Сплошь и рядом это томительное безмолвие дня нарушалось обстрелом. Прислонившись к стене или присев на выжженную солнцем траву, я прислушивался к знакомым, давно изученным звукам: сначала сухо гремел выстрел финской пушки, затем, через несколько секунд, над головой проносился тонкий, протяжный свист, и наконец, сотрясая землю, раздавался грохот разрыва. Это в порту. Это возле вокзала. Это рядом со старым госпиталем. Это на аэродроме. Каждый взрыв с бухгалтерской точностью регистрировался в голове.
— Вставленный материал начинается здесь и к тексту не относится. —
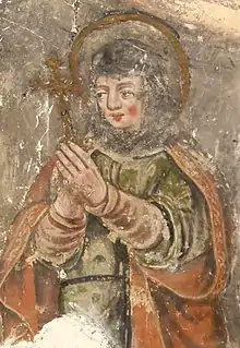 "Saint Aure" represented in a 17th-century mural carrying a miniature Crucifix. At the Roman Catholic church in Tohogne, Belgium.
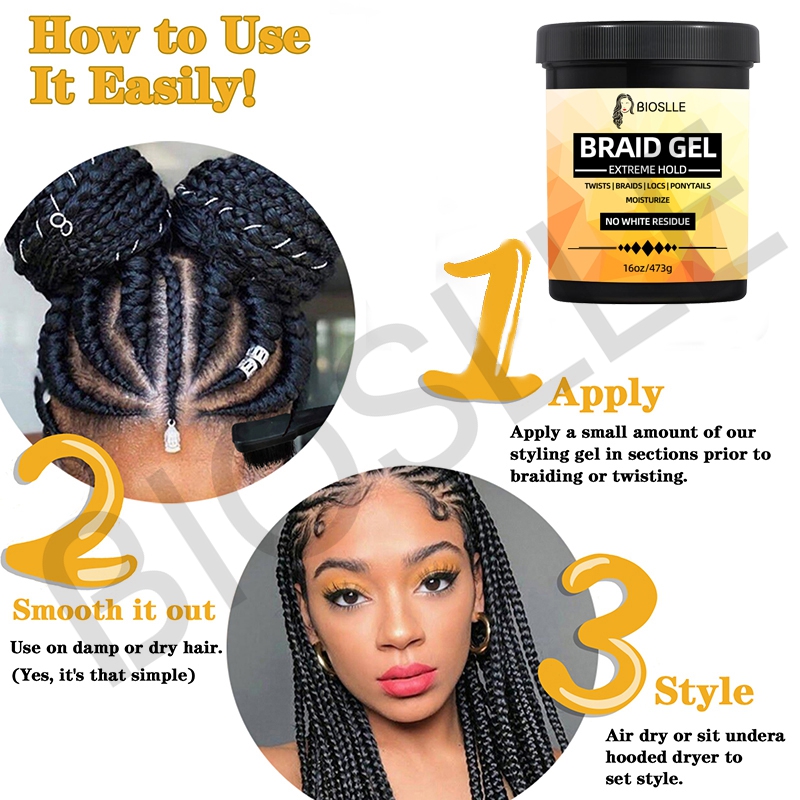 Apply a small amount of gel to hair directly. Braid, twist, and style as desired. Air dry or let it under a hooded dryer to set style.
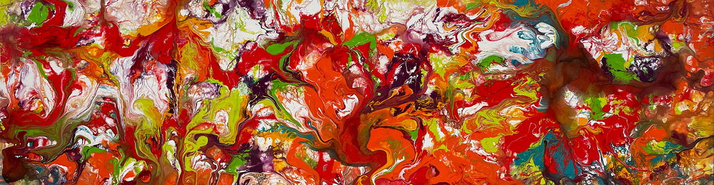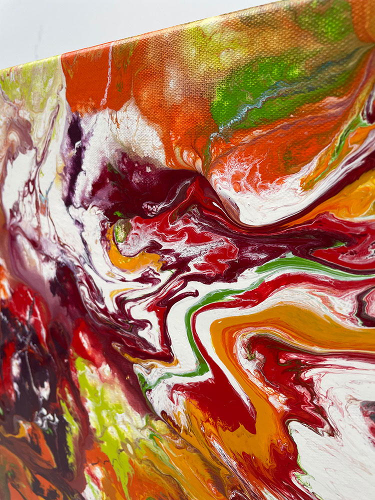 Mirages is a long, rectangular modern art painting that follows a fluid-style of paint manipulation. If you are a fan of all things orange and red (like me) then this painting is really going to hit the sweet spot!
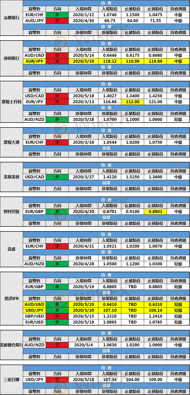(3)摩根士丹利修改歐元/日元空頭持倉止盈點位至112.00。
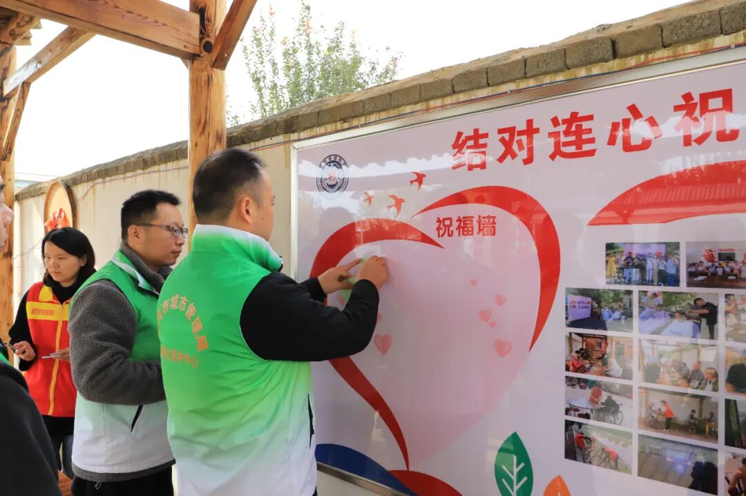 “駐村不僅是駐在村里,更要駐進(jìn)老百姓心里,把溫暖送到村民心坎上。”駐村第一書記趙基元站在“結(jié)對(duì)連心祝福墻”旁道出活動(dòng)初衷,身后的墻上,他與志愿者們寫下一張張心愿卡片:“愿潘牛村愈發(fā)美麗,村民們健康長(zhǎng)壽”。
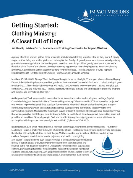 At Heritage Baptist Church in Farmville, Virginia, the Hope Closet is more than a place to get free clothes. It’s a place where needs are met, community is formed and engaged, and hope is quietly offered—one garment, one conversation, one family at a time.
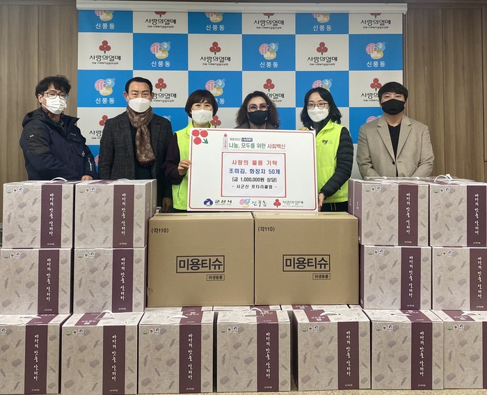 [로컬세계 양해수 기자]전북 군산시 신풍동은 서군산 로타리클럽(회장 최영숙)가 다가오는 설명절을 맞아 저소득 취약계층 50세대를 후원하기 위해 100만원 상당의 김과 화장지를 기탁했다고 19일 밝혔다.
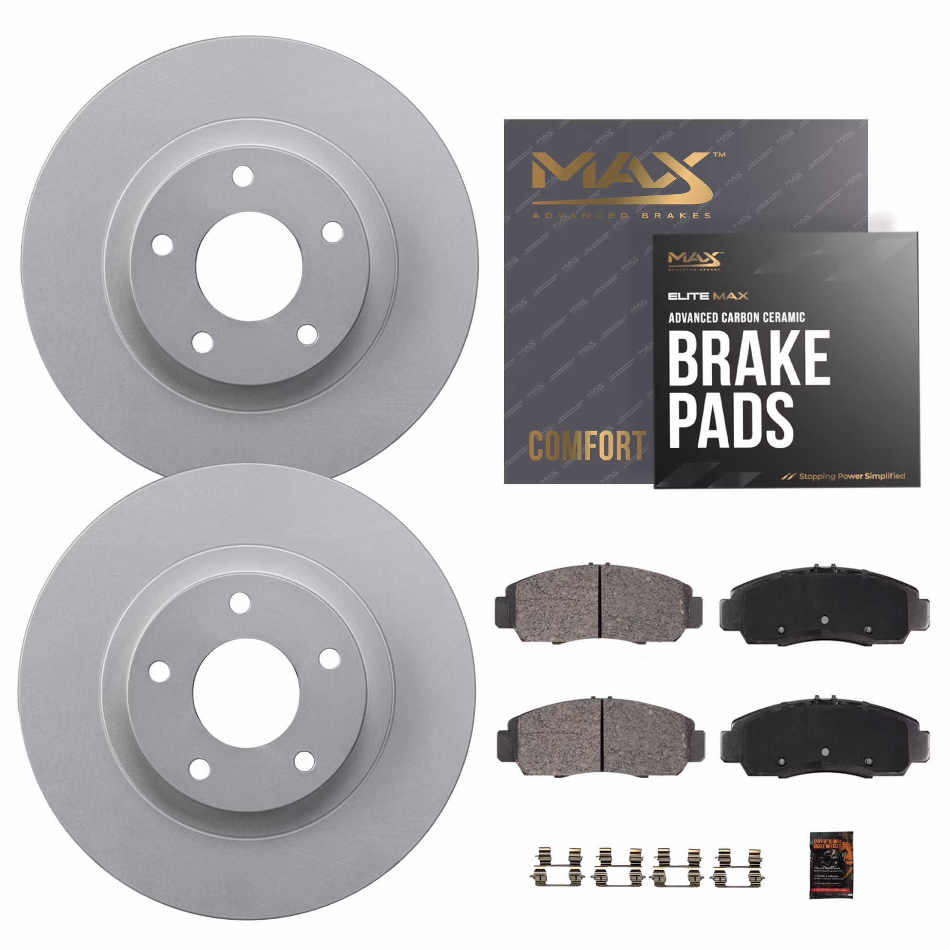 Max Advanced Brakes - Brake Kit for 2018 2019-2021 VW Atlas/Atlas Cross Sport Golf R Arteon Audi Q3 A3 Quattro Rear Replacement Geomet Coated Disc Brake Rotors and Ceramic Brake Pads

В старом госпитале, кроме хирургического корпуса, еще теплилась жизнь в отделении доктора Москалюка. На случай самозащиты Москалюк не отбирал у поступавших к нему больных оружия и обмундирования. На стенах палат висели винтовки и автоматы, на прикроватных тумбочках были разложены пистолеты и ручные гранаты, из-под подушек торчали рукоятки кинжалов. В коридоре, прикрытый байковым одеялом, стоял пулемет, который Москалюк сумел раздобыть у знакомого командира стрелковой части. Выздоравливающие больные ежедневно занимались строевой подготовкой и маршировали по госпитальному двору. Среди мрачно зияющих дотов матросы и командиры терпеливо обучались снайперской стрельбе. Для этого использовались цветные таблицы из атласа по анатомии человека. Один целился в селезенку, другой — в глаз, третий — в щитовидную железу. Заваленный камнями и бревнами двор казался шумным военным лагерем.

Два раза в неделю мне приходилось бывать в «родильном доме», где лежали шестьдесят раненых. Одна маленькая палата все еще пустовала там и была предназначена для будущих матерей, которых время от времени привозили сюда. Тогда крики новорожденных смешивались со стонами раненых.

Однажды в родильный дом привезли из порта белокурую, неестественно бледную женщину. У нее начинались роды. Когда ее положили на стол, она перестала дышать. Дежурный врач увидел, что женщина ранена и вместе с нею смертельно ранен ребенок.

За лето 1941 г. здесь появилось на свет десять советских граждан. Они родились в огне канонады, и те из них, которые пережили страшные осенние переходы, будут потом с гордостью вспоминать место своего рождения — непобежденный советский Гангут.